On March 16, the Alberta government appointed a facilitator to oversee the transition away from coal-fired generation in Alberta by 2030. The facilitator’s background is with large public power providers and centrally dispatched power systems and advising energy leaders in numerous countries around the world. The facilitator’s mandate was to provide options and preferred approaches to the Alberta government to phase out emissions from coal-fired generation by 2030 that will maintain both the reliability of Alberta’s electricity grid and price stability for consumers, while avoiding unnecessarily stranding capital. Throughout this process, the Alberta government has indicated that all parties are treated fairly. Capital Power will continue to actively participate in this process to ensure that fair compensation is received for the proposed accelerated closure of the company’s coal facilities. The facilitator has provided recommendations to the Alberta government and the Company expects the Alberta government will make a decision on the facilitator’s recommendations by the end of 2016.
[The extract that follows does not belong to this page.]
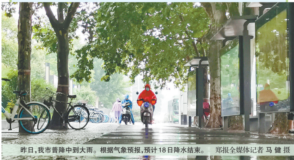
昨日,我市普降中到大雨。根据气象预报,预计18日降水结束。

我市今后7天天气预报情况为:17日(星期三):阴天有中雨,17℃~21℃;18日(星期四):小雨转多云,17℃~27℃;19日(星期五):多云,18℃~29℃;20日(星期六):多云转晴天,20~29℃;21日(星期日):多云,21℃~28℃;22日(星期一):多云转小雨,22℃~27℃;23日(星期二):阴天有小雨,东北风4级,20℃~26℃。

On Jan. 26, the Alberta government tasked the Alberta Electric System Operator (AESO) to develop and implement a plan to bring on new renewable electricity generation capacity to the grid by 2030 in connection with the CLP. The Company expects that the process will operate in concert with the retirement of the current coal generating units. The Alberta government also confirmed that it has not chosen to fundamentally alter the current wholesale electricity market structure.
The AESO undertook a process to receive industry perspectives regarding various elements of the Renewable Electricity Program (REP), and provided its recommendations regarding the REP to the Alberta government on May 31. The recommendations have not been made public. On Sept. 14, the Alberta government confirmed a firm target of achieving 30% of Alberta’s electricity use by 2030 from renewable energy sources, and announced that the Alberta government would support 5,000 MW of additional renewable capacity to help achieve that target. It is currently expected that the Alberta government will provide direction on the REP during the fourth quarter of 2016, and the AESO currently expects to initiate the process for the first procurement by year-end.
Capital Power is a growth-oriented North American power producer headquartered in Edmonton, Alberta. It owns more than 3,200 MW of power generation capacity at 18 facilities across North America.